There are a couple of factors that seem to be in favor of new entrants.  Given the relative abundance of commercial space available nationally, with the right funding a new entrant is able to lease space and create its own distribution channel.  Additionally, there are generally no governmental restrictions to entering into the industry.  However, these two factors pale in comparison to the challenges posed to new entrants by the economies of scale, capital requirements and product differentiation within the industry.

Power of Suppliers

The suppliers for the industry have a fairly low level of power.  The industry is fueled by numerous suppliers offering a wide variety of products.  However, the suppliers do wield some power in proportion to their brand value.  The customers of the industry expect to purchase products from established high-end brands.  Given that the specialty retailers are limited to brands that command a premium to others, the companies in this industry to face a more limited number of suppliers than other retailers who cater to a more price-conscious customer base.  

Even limiting the suppliers to those with brand name appeal, the number of specialty retailers is still far more concentrated by contrast.  The limited number of successful retailers in this industry further dilutes the suppliers’ bargaining power.  Additionally, the suppliers have not had much success in the past with forward integrating.  The successful retailers have created a customer base that is not easily swayed by factory direct offerings.  This is in large part due to the level of customer service that those in the industry provide.  

Finally, the suppliers’ power is limited by the fact that the industry is an important customer.  For some of the suppliers, the retailers in this industry may be their only customers.  Therefore, it is in the suppliers’ best interests to protect the industry through joint advertising and reasonable pricing.
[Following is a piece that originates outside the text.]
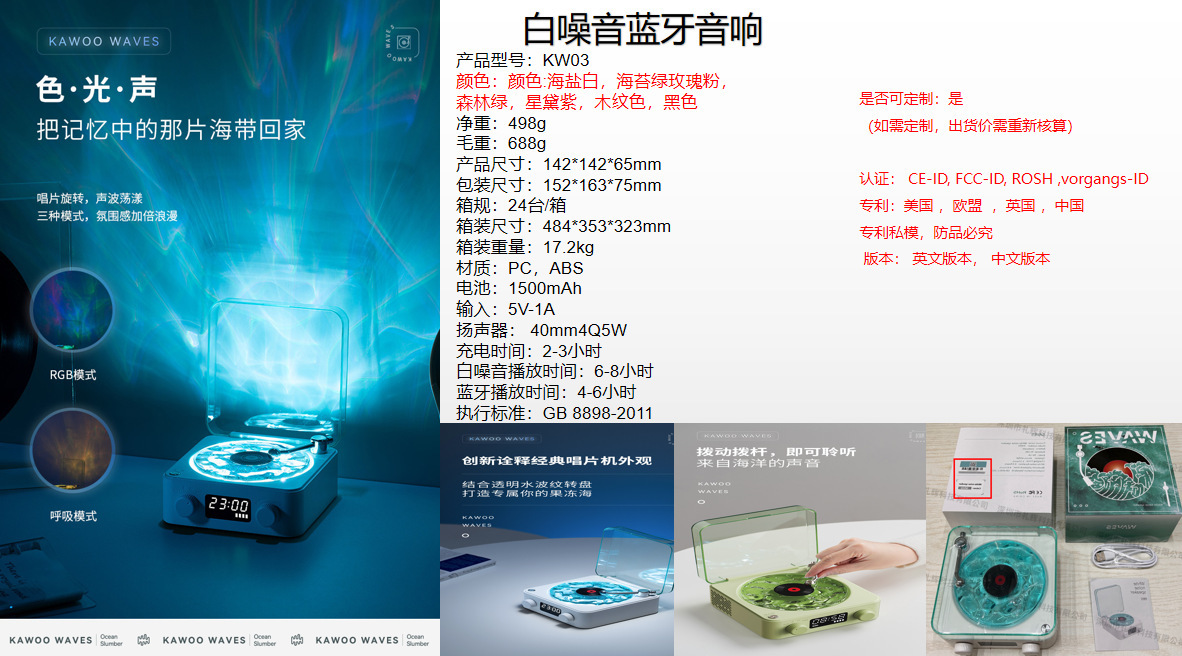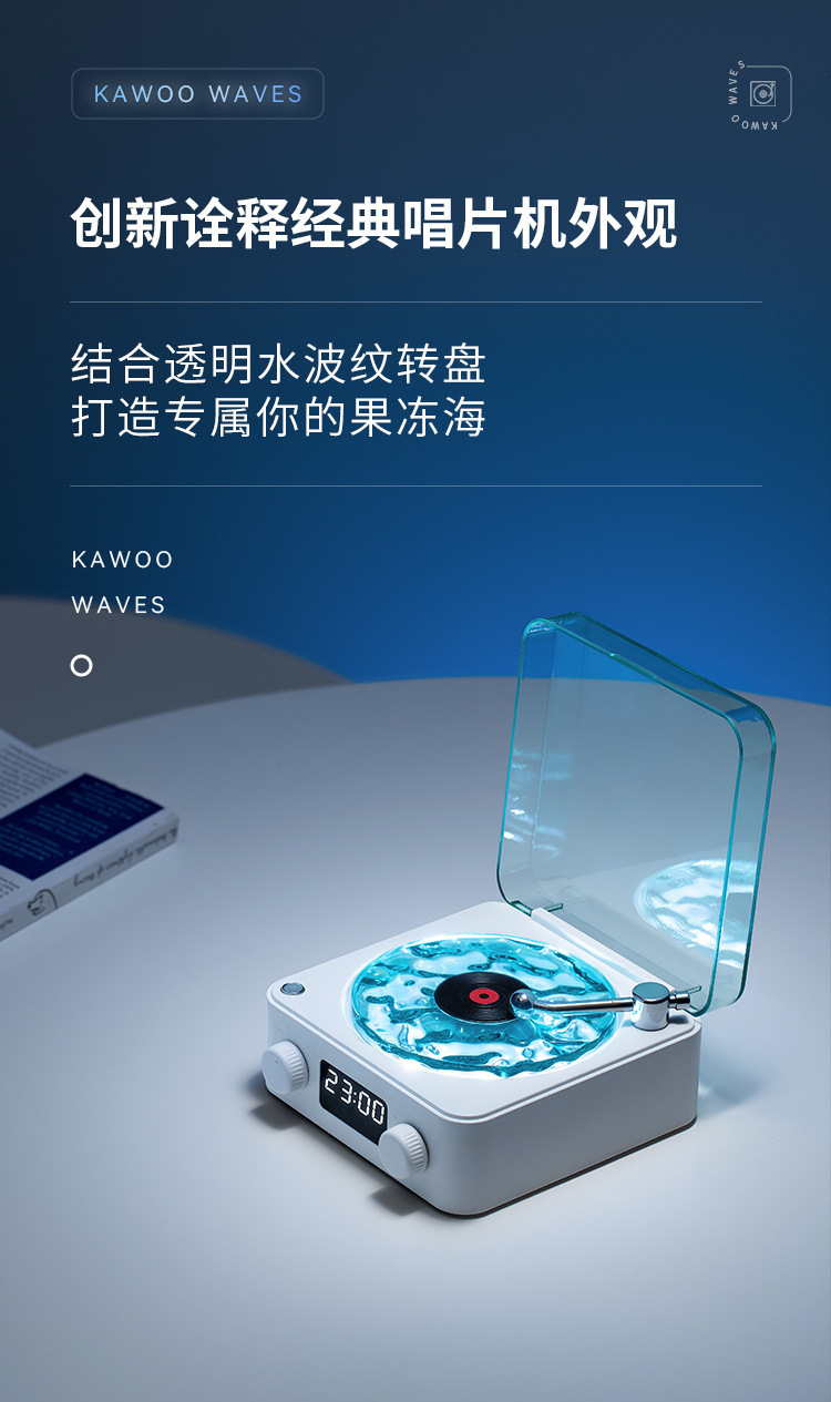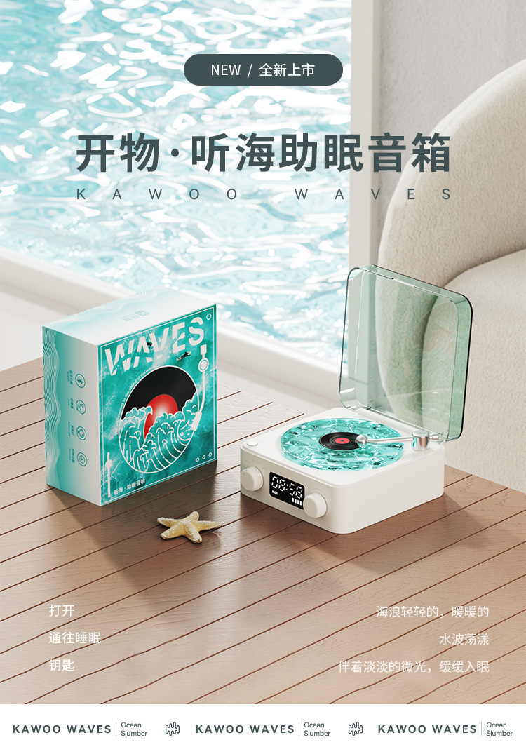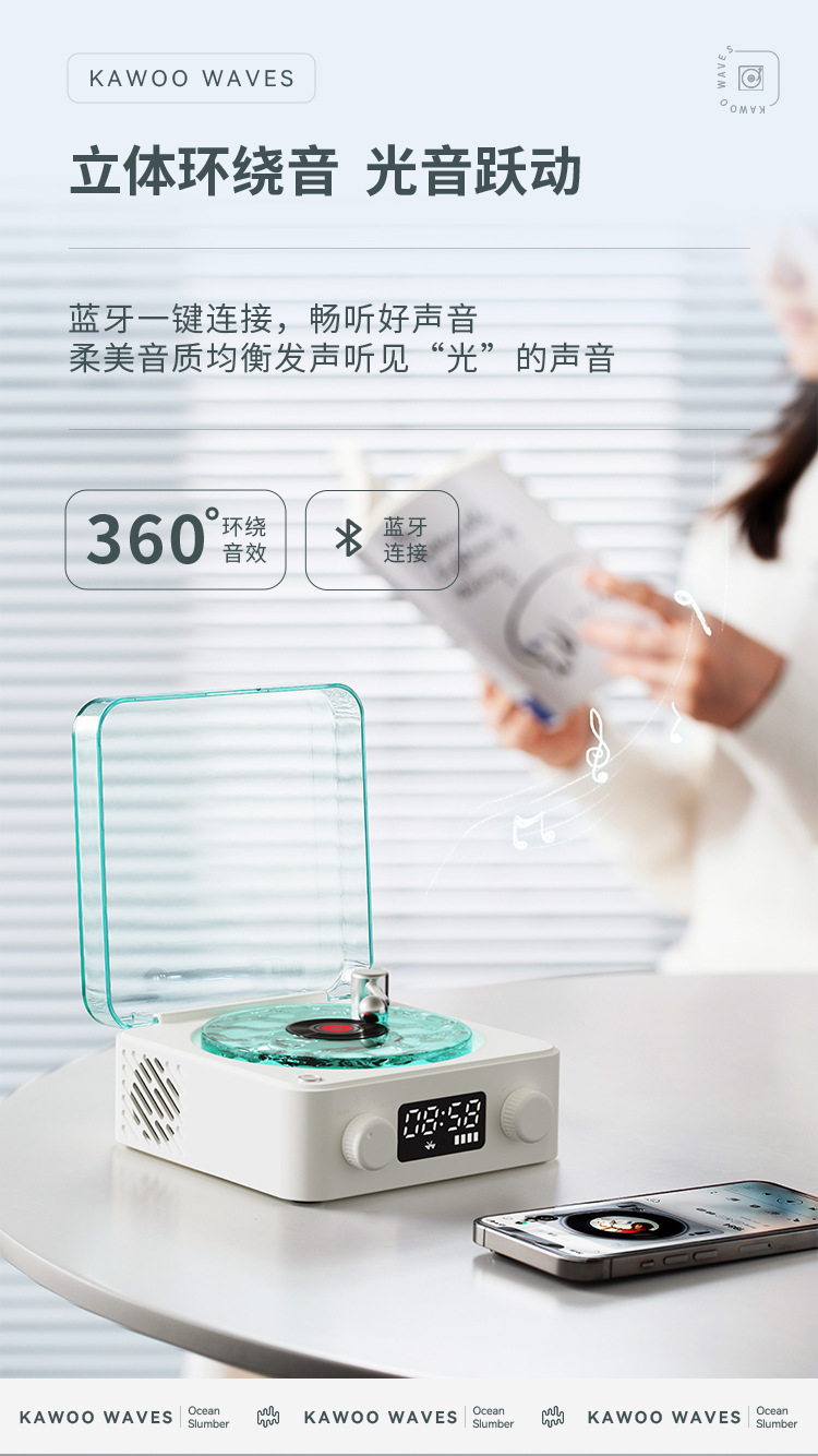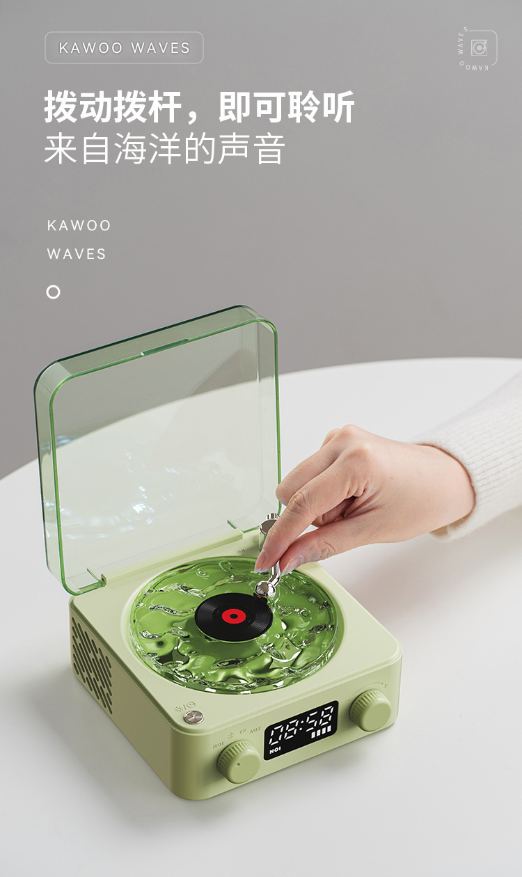 KAWOO abierto para escuchar el mar a través de la frontera, retro, ruido blanco, altavoz Bluetooth, tocadiscos de vinilo inalámbrico pequeño de alta calidad

Power of Buyers (customers)

The industry’s customers have a low level of power.  As noted before, the specialty retailers focus on offering superior brand names to their customers.  This offering may be similar across retailers within the industry but it is unique in the eyes of their consumers.  In addition to differentiation, factors such as affordability, product quality and service quality further limit the customers’ power.  While the products offered are priced higher than at other department stores, these prices tend to be relatively inexpensive in comparison to the annual income of the industry’s customer base.  For these customers, the products are relatively affordable.  Given this affordability, the customers generally do not shop retailers for the best price.  Instead, they look for a high level of customer service and product quality.  All of these factors lend to a low level of customer power in this industry.

Threat of Substitute Products

The threat of substitute products is moderate-to-high within the industry.  Essentially, the industry’s products are apparel that is high priced but typically high quality.  With their brand names, these products carry with them a perceived value.  Thus, the true price-performance relationship is to some degree inflated by the customers’ perceptions.  Since the industry offers products that are a luxury, it faces particularly high risk during times where the economy suffers.  In those times, consumers have myriad opportunities to purchase apparel of comparable quality at much lower prices.  In those times, the buyers may place a higher value on price than on the level of customer service that the industry offers.

In addition to substitute apparel, most other luxury items could be classified as substitutes for this industry’s product offerings.  Affluent buyers may decide to use their buying capacity on luxury items such as vehicles, vacations, club memberships or expensive hobbies.  Any or all of these may create a higher perceived value in the consumers’ minds than that of high-end apparel.  Fortunately for the industry, it is common that these other luxury items are purchased with excess funds after high-end apparel is acquired.